A Lightswitch Luciferase Assay System (Active Motif, Inc) was used for the assessment of MSI1 regulation of cMET. Briefly, 1×104 MIA PaCa-2 cells were plated into 96 well plates and cultured for 24 hours. 50ng of cMET 3'UTR GoClone (S811259, Active Motif, Inc) plasmid DNA and increasing concentrations (0ng, 50ng, and 100ng) of either PGK-GFP or PGK-MSI1 plasmid vector DNA were co-transfected into MIA PaCa-2 cells. After 24 hours, cells were lysed using the Lightswitch Luciferase Assay Reagent (LS100, Active Motif, Inc) and luciferase activity measured using a plate scanner (Infinite 200, Tecan).

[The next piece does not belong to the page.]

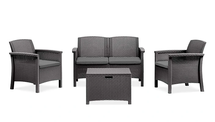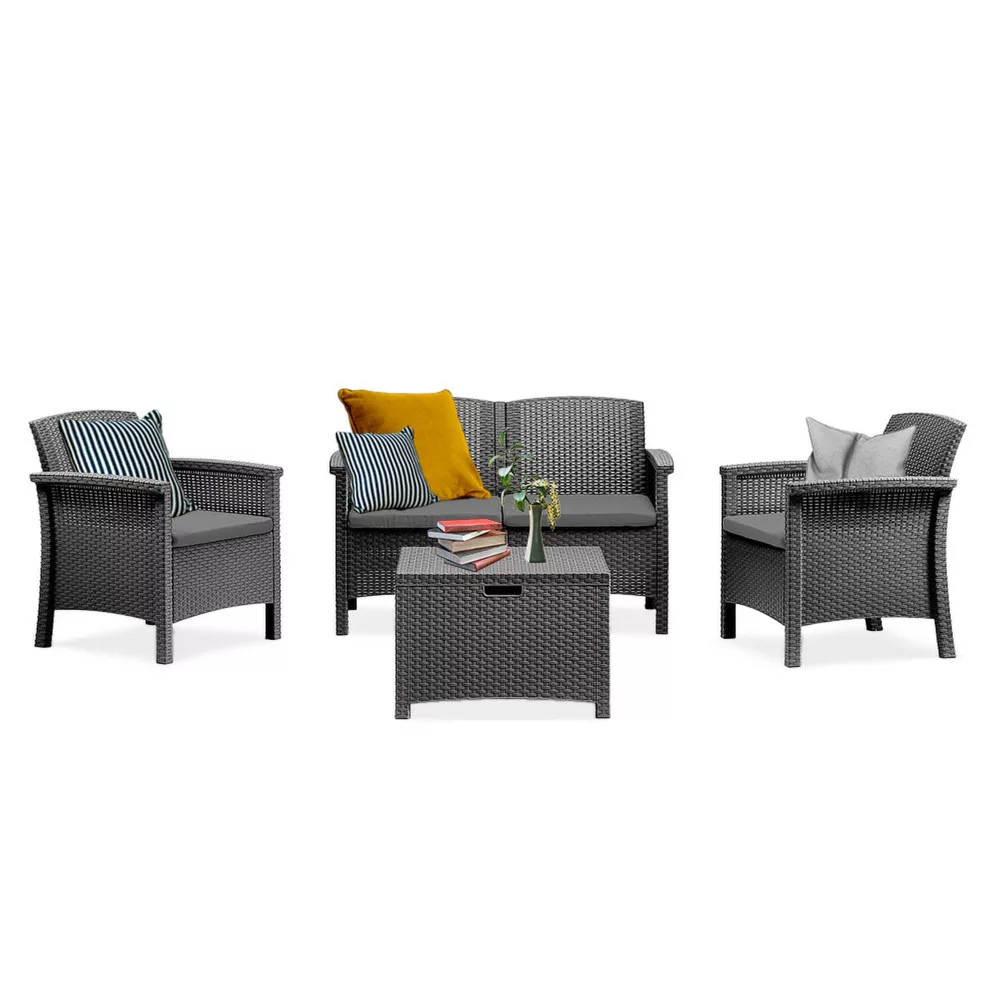 Dostępny w kolorze grafitowym ze stylowymi poduszkami, zestaw mebli ogrodowych posiada lekką, ale wytrzymałą ramę, dzięki czemu jest łatwy do przenoszenia, a jednocześnie solidny. Nie wymaga konserwacji, co oznacza, że nie ma potrzeby ciągłej pielęgnacji mebli, przykrycia lub ochrony przed warunkami atmosferycznymi. Wszystkie elementy są łatwe w czyszczeniu, dzięki czemu możesz cieszyć się nieskazitelnym wykończeniem w mgnieniu oka.

Caerulein-induced pancreatitis

4-week-old C57BL/6 mice received 8 injections of 50μg/kg caerulein (Sigma-Aldrich) or PBS hourly each day for two consecutive days (for a total of 16 injections). Pancreata were isolated 2 days after the last injection, fixed in 4% paraformaldehyde and paraffin embedded according to standard protocols. 7μm sections were obtained, deparaffinized in xylene, and stained as described above.

Statistical analysis

Statistical analyses were carried out using GraphPad Prism software version 6.0d (GraphPad Software Inc.). Sample sizes were determined based on the variability of pancreatic tumor models used. Tumor bearing animals within each group were randomly assigned to treatment groups. Data are shown as the mean ± SEM. Two-tailed unpaired Student's t-tests with Welch's correction or One-way analysis of variance (ANOVA) for multiple comparisons when appropriate were used to determine statistical significance (*P<0.05, **P<0.01, ***P<0.001, ****P<0.0001).